А я не мог даже слова сказать, иначе привлёк бы внимание товарищей. Просто таращился перед собой в одну точку, ощущая, как взмокла от напряженья спина, и совсем уж откровенно набухало кое-что между ног. Как утопающий, я бросал умоляющие взгляды на Иоко-сэнсэй. Без слов просил так красноречиво, насколько сумел выучиться за все годы бытия «женщиной».
Каннуси прохаживалась между нами и прекрасно видела проделки неугомонного духа. С тихим обречённым вздохом она потёрла морщинистое лицо и снова пришла на выручку. Знакомо кашлянула в кулак, осаживая зарвавшегося сикигами.
— Помните, что духи-хранители весьма своенравны, — сказала она, опуская храмовую печать на мою катасиро. — Наказать уже призванного фамильяра — это в порядке вещей…
— Зану-у-уда… — проворчала Тайда и показала язык Иоко-сэнсей.
— Момо-тян, ты справилась первой, — продолжила каннуси. — Поэтому первой и попытаешься.
Нэкомата внезапно лизнула меня в щёку, мягко царапнув шершавым языком, и убрала руки. Отползла в сторону, где и замерла, выжидая и помахивая парой хвостов. Будто случайно касалась пушистыми кончиками обнажённой шеи Фумико-тян, взволнованно заозиравшейся.

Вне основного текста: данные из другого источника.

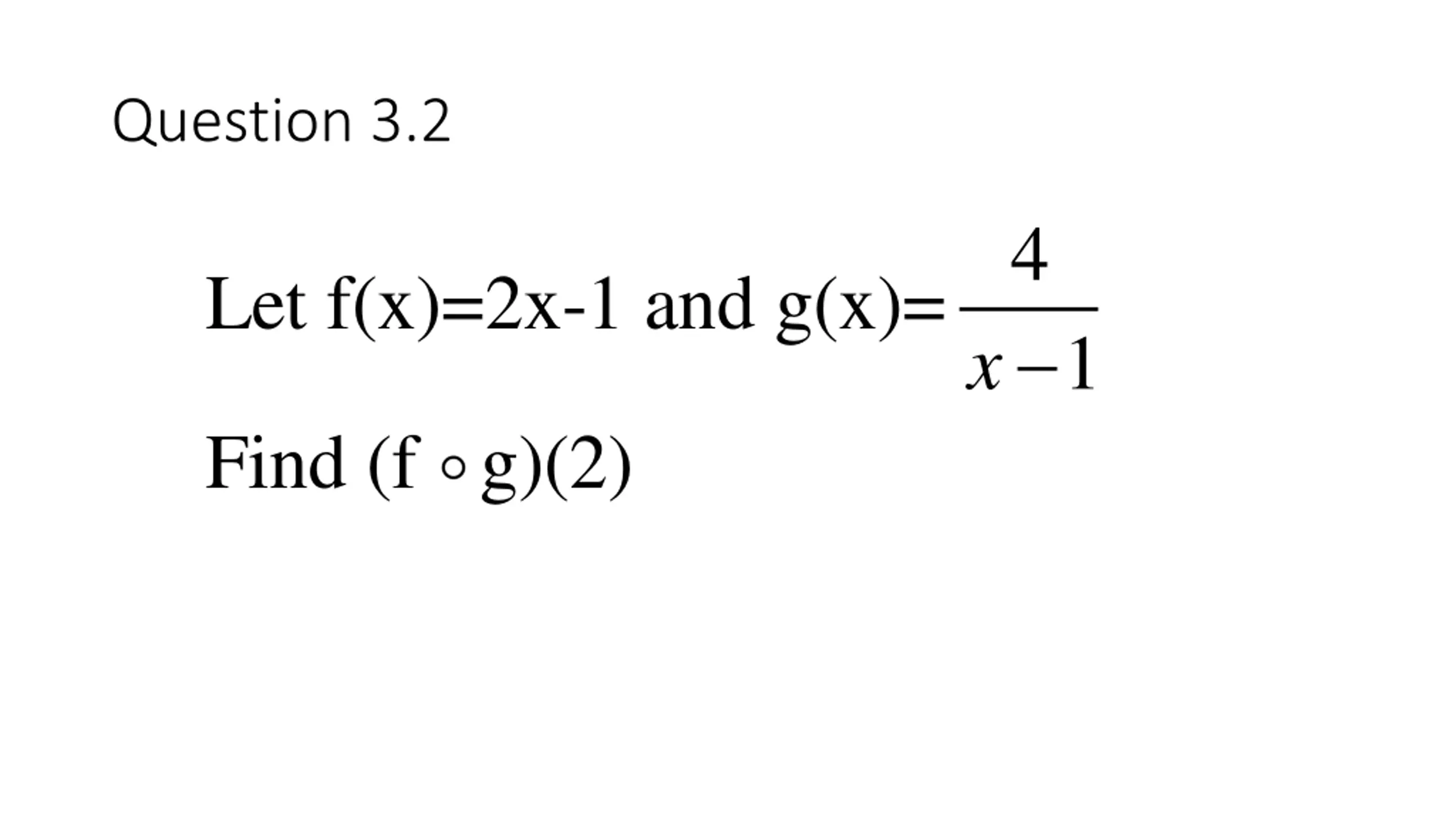 Question 3.2 4 Let f(x)=2x-1 and g(x)= x 1 Find (f g)(2)

Я поёжился, кое-как унимая неподконтрольную и очень приятную дрожь во всём теле. Глянул на Тайду-сан — не замышляет ли чего снова? — и постарался отрешиться от окружающих, выбросив из головы и откровенно торчавшие под косоде тугие соски, и свои влажные трусики, и постороннее любопытство.
Подруга не так поняла этот взгляд, ведь нэкомата сидела между нами. Девушка дружелюбно кивнула в ответ, приободряя. Я скромно улыбнулся ей, приподняв на ладонях фигурку человечка из белой бумаги. Напряг все усилия, чтобы понять, как же нужно выпускать эту духовную силу?
Мне было много известно в теории об этой «энергии»: использовать её — всё равно, что пытаться потрогать что-нибудь рукой, но без самой руки, что б это ни значило. Только вот голые знания не тождественны знаниям, подкреплённым на практике. Хоть как-то подтвердить информацию, «прощупать» её лично, я до сего мига не имел возможности. Беспомощно смотрел на недвижимую катасиро и понимал, что начинаю теряться. Прикрытая ладонями фигурка никак не желала оживать. Все старания пропадали втуне и лишь на лбу от напряжения проступила испарина.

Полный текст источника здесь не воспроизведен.